The idea came up alongside Mulango of Mangtoons to get our faces out there to the people for our respective projects.  We both shared a booth for the Pittsburgh Comicon and Baltimore Comic Con.  I discovered how many wrestling fans attend these events and learned a great deal about what to do to hopefully make ourselves more visible in the future attempts at these events.

We also worked on bringing a little bit of the events’ flavor to the network.  Dan Greenwald of the fantastic Comic Book Pitt helped us out in Pittsburgh to see who to talk to about the Con and Pittsburgh independent comic book scene.  I went solo in Baltimore and talked to an illustrator for Doctor Who comics, some other podcasters, and other stuff that caught my interest.  For New York Comic Con, Chachi and I got press passes and rolled around the floor for four days talking with producers at South Park Studios, some of the minds behind the Voltron relaunch, Ubi Soft for the upcoming Shoot Many Robots, a private preview of Max Payne 3, and so much more.
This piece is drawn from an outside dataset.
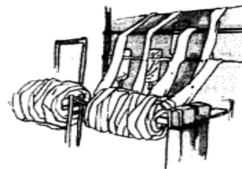
(d) Rolling into yarn

So this year, we hope to do a similar circuit, bring more of a crew, better equipment, and better planning.

Some new beginnings

Theere was a lot of new stuff being pumped out this year.  We started the year with Chachi Plays for Kids, which raised about $3000 for Make Room for Kids and went on to receive a proclamation from the City of Pittsburgh.  We launched Unsung with the Pittsburgh Foundation to showcase the non-profits and charities in the area, my client in S’eclairer finally launched the Chatterbox, a roundtable podcast to talk about everything going on there, and Build a Baked Good as a vehicle to promote Cafe Solstice.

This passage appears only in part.